(MATERIALS PROVIDED):
----------

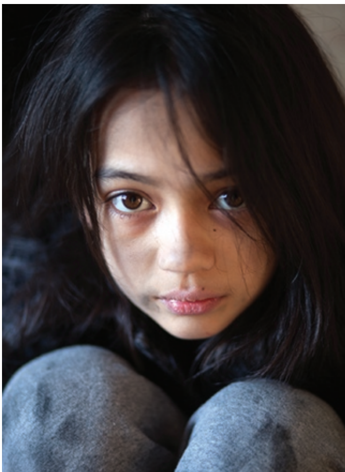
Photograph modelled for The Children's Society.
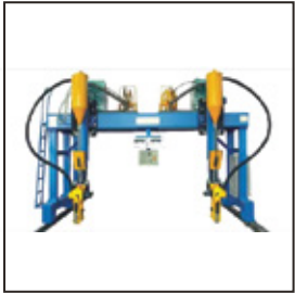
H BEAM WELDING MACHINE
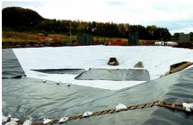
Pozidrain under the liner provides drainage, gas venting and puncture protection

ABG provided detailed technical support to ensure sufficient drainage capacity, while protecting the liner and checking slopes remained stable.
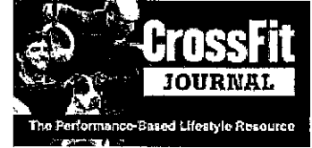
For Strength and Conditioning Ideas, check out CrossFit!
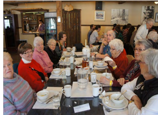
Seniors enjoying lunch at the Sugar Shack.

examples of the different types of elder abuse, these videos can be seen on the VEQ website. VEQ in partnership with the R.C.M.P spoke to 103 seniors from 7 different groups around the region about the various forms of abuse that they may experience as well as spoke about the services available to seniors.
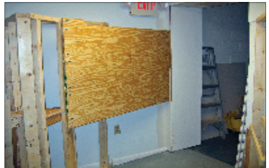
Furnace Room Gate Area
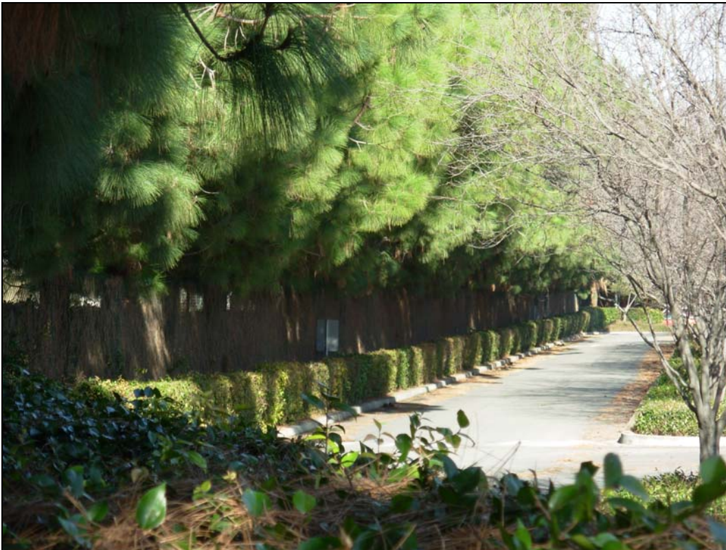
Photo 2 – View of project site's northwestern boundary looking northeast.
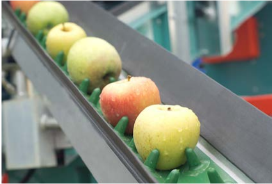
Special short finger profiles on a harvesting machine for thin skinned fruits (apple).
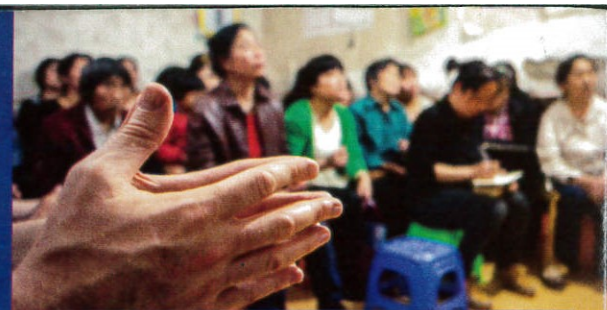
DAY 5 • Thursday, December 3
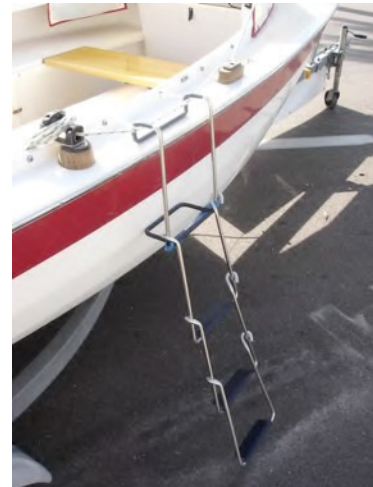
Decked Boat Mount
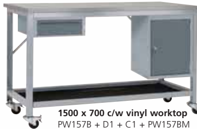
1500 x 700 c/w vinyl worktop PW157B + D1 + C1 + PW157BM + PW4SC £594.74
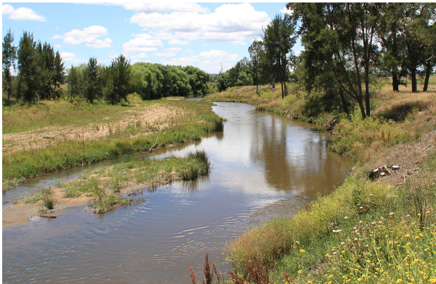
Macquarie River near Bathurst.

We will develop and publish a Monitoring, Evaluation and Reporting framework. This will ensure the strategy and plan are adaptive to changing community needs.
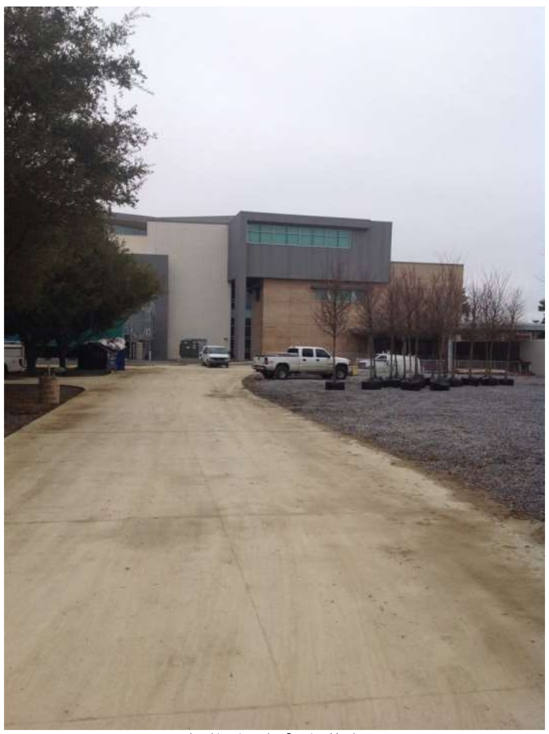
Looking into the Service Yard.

----------

(BRIEF):
Could you return all lines from the data above that contain the string "ensure"?

(RESPONSE AREA):
ABG provided detailed technical support to ensure sufficient drainage capacity, while protecting the liner and checking slopes remained stable.
We will develop and publish a Monitoring, Evaluation and Reporting framework. This will ensure the strategy and plan are adaptive to changing community needs.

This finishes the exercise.